Strengths and Weaknesses
Pettis fights under Duke Roufus and has the dangerous stand up to go with such a pedigree. In addition to throwing strikes which are both fast and accurate, as Pettis showed against Henderson he is capable of throwing unique strikes that his opponents simply do not see coming. On the ground Pettis has an offensive guard where he is comfortable attempting chains of submissions in an attempt to earn the submission off of his back. Unfortunately for Pettis, Guida showed that if an opponent is able to resist the submissions, that Pettis struggles to remain on his feet against a good wrestler, which can be a liability against a fighter like Lauzon who has the superior BJJ chops.

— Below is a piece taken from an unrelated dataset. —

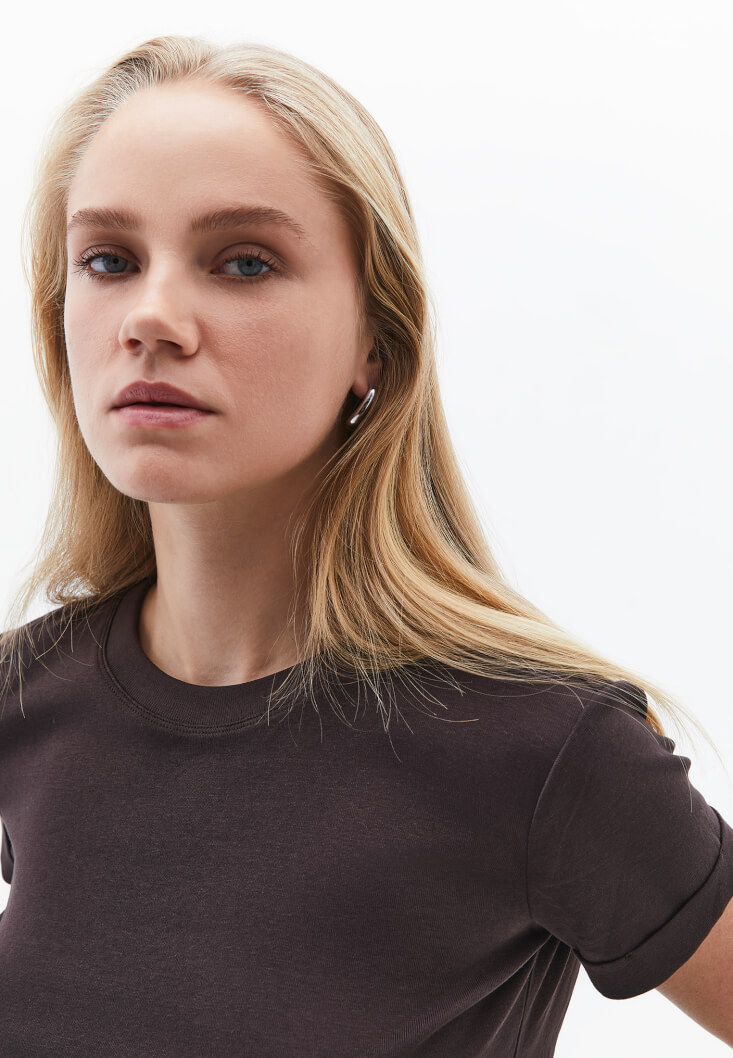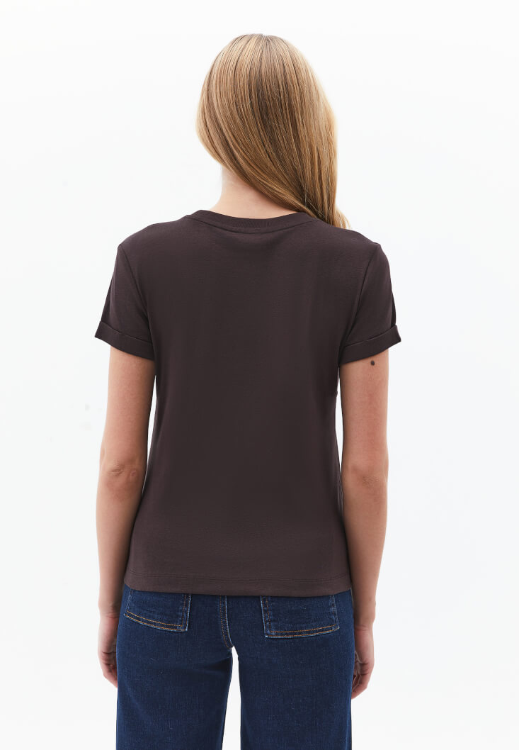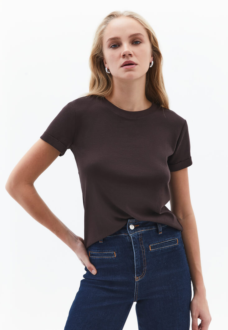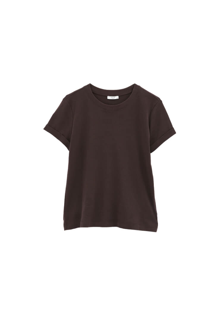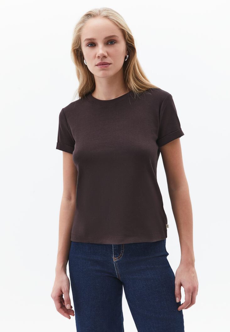 • Bayan Kahverengi Pamuklu Sıfır Yaka Tişört

The counterbalance to Lauzon's slight undervaluing is a bit of an overvaluing of Pettis, making him less attractive for a bet. While he is rightly the favorite, at -255 you will have to invest a lot of money to make any kind of profit, which is a risky play when a fighter's biggest weakness is his opponent's greatest strength and he also hasn't shown the best ability to stay away from that weak area. Should Pettis manage to withstand the early Lauzon storm, he becomes a prohibitive favorite, and has the striking rate to work toward a TKO in the second round of the fight.